Thursday, February 4, 2010

Texas is as Texas is

As we grow older we bring our baggage along with us. Some is not so good, some good, some has no meaning right or wrong but are our own preconceived notions of what we expect. For our recent family outing to Austin, Texas I was quite surprised by what I discovered to be in-so-much fact.

Having spent little time in the Lone Star state, my own baggage pulled along the idea I would find a less diverse group populating the capital city of Austin. I am hopefully not so much a dullard to believe everyone would be in chaps, boots, a hat and a big shiny buckle. However to some extent, there was much less of 'Texas' on display than I would have imagined. Most of the cowboy way was on signage and showed little in the populace.

Other than a slight uptick in the Latino group and fewer African-Americans I could have just assumed I was still home in my midwest abode. Other than a propensity for many to say ya'll, most had little or no accent that plucked at my ear which was as well a slight surprise although most Texans do not consider themselves southerners. They are Texans. They don't need an accent.

Too often people and places define themselves by what they think they should be. I'm southern so I should like stock car racing and guns, or SoCal so I should be like, well, you know, like this. I was glad to see such a variety in Texas. It was a true melting pot. People didn't seem to define themselves by the region or my expectation of what I thought they should be.

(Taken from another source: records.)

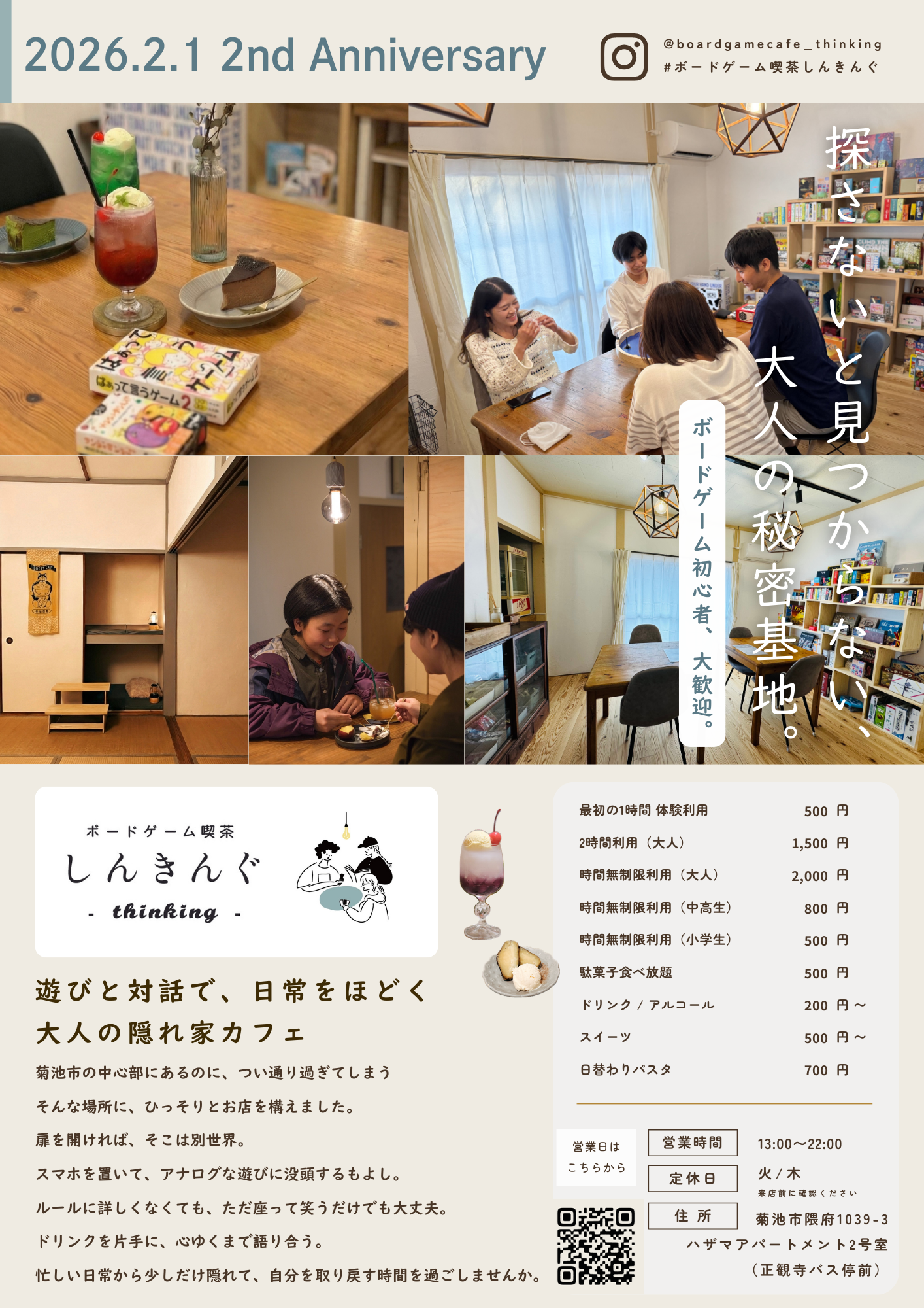 - 19日前2026年01月27日 19時36分頃おかげさまで2周年。感謝の贈り物と、2月のお知らせ。2026年2月1日、ボードゲーム喫茶しんきんぐは2周年を迎えます。少しわかりずらい立地、扉をあけるハードルのあるお店ですが、「アットホームで居心地がいい」「隠れ家みたい〜」といつもご愛顧いただきありがとうございます。3年目も変わらず、日常をほどく「大人の秘密基地」であり続けたいと思います。感謝...21ページビュー
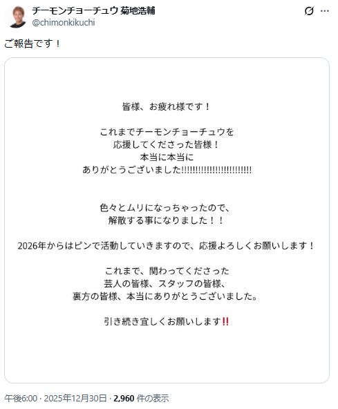 吉本のお笑いコンビ・チーモンチョーチュウ、解散発表「色々とムリになっちゃったので」2001年結成
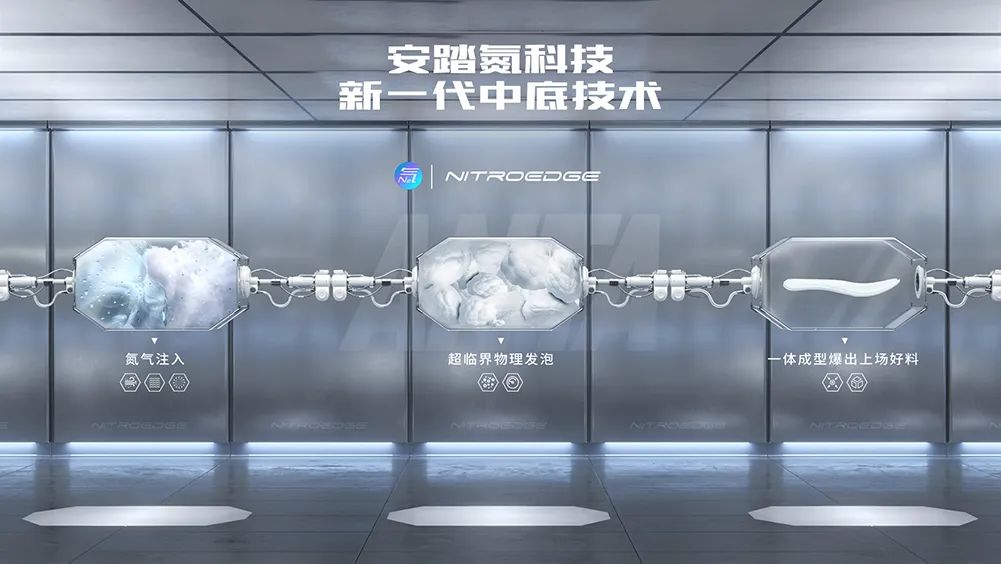 全新安踏氮科技的研发历时三年时间,超临界物理发泡在氮气加持下,具备了更轻质、高回弹以及持久强的特性。
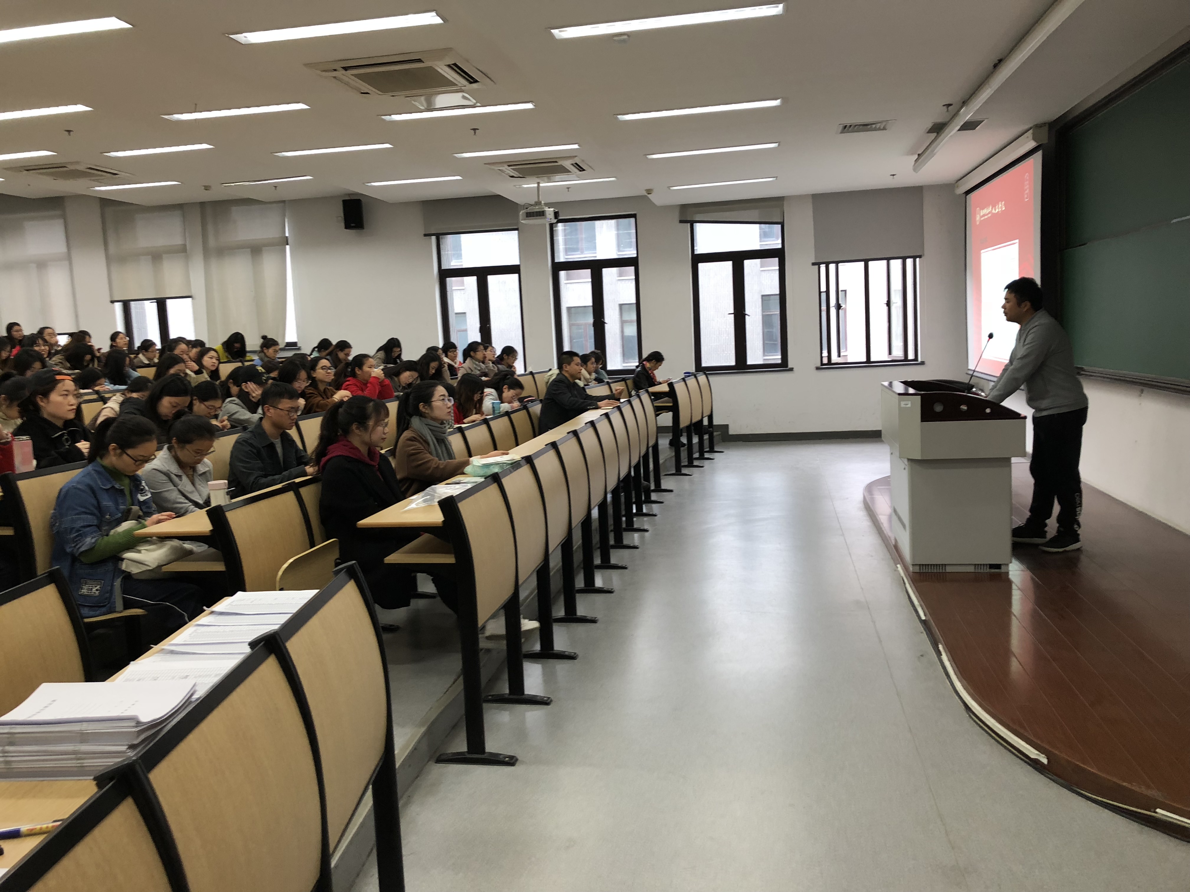 年级辅导员和学工办主任先后向2019届毕业生介绍了考研、就业的注意事项,嘱咐2019届毕业生要时刻与学院保持联系,有问题要及时联系相关的老师。管书记鼓励2019届考研学生要坚定信心,为自己拥有一个更高的平台而努力;对于就业的同学,则应积极应聘,多尝试,在不断的面试中积累相关的经验。陈院长就本科教学评估反馈的问题与毕业生展开交流,提醒毕业生在走上岗位之际更要重视自己的师德修养和建设,同时,陈院长也对毕论文写作引用规范开展了指导。
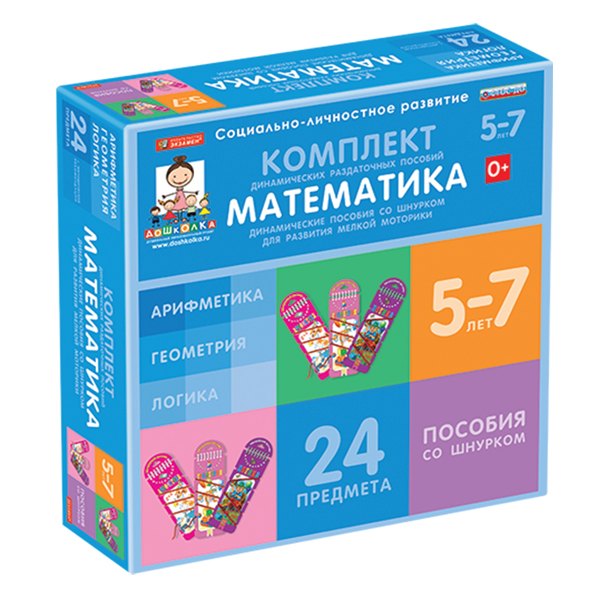 Комплект включает три содержательных блока с заданиями по арифметике, геометрии, логике. Ответив на вопрос, ребенок протягивает шнурок через специальные выемки на карточке и затем проверяет правильность решения по рисунку на обратной стороне.
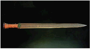 此外,古代刀剑钢材上的花纹就是因为钢质不匀导致颜色深浅不一形成的纹路。这种花纹钢类似于木头的三合板,不同的木纹叠加起来导致木材不容易顺着一个方向的木纹断裂。钢材层层叠叠的花纹也可以在一定程度上阻止刀剑断裂,有细小的裂纹也不会顺着变成大裂纹直接断裂。
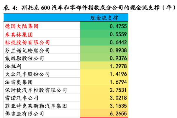 进一步以斯托克600中汽车和零部件相关公司作为分析,该指数中有13个标的,可以作为资质较好的公司的代表。我们利用现金和现金等价物作为企业目前的现金储备,用营业开支(operatingexpense)减折旧与摊销作为企业在停产情况下仍然需要进行的支付的开支的代表。二者相除作为企业可以在接近停产的情况下可以支撑的时间。则13家公司中,有5家公司难以支撑1年,2家公司支撑不足半年。
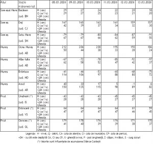 Prognoza medie durată râuri în intervalul 07.03.2026 ora 07.00 – 13.03.2026 ora 07.00

I would hope most people strive to be something other than a narrowly defined optic of what others would have them be. A truly unique experience is having a conversation with a belt-buckle wearing cowboy who can speak to oceanography. Limit your mind and you limit your soul.

(And if you ever visit Austin a trip to Cannoli Joe's Italian restaurant is an absolute must. I was truly in heaven.)

1 comment:

  1. Cannoli Joe's is by itself worth the flight down there.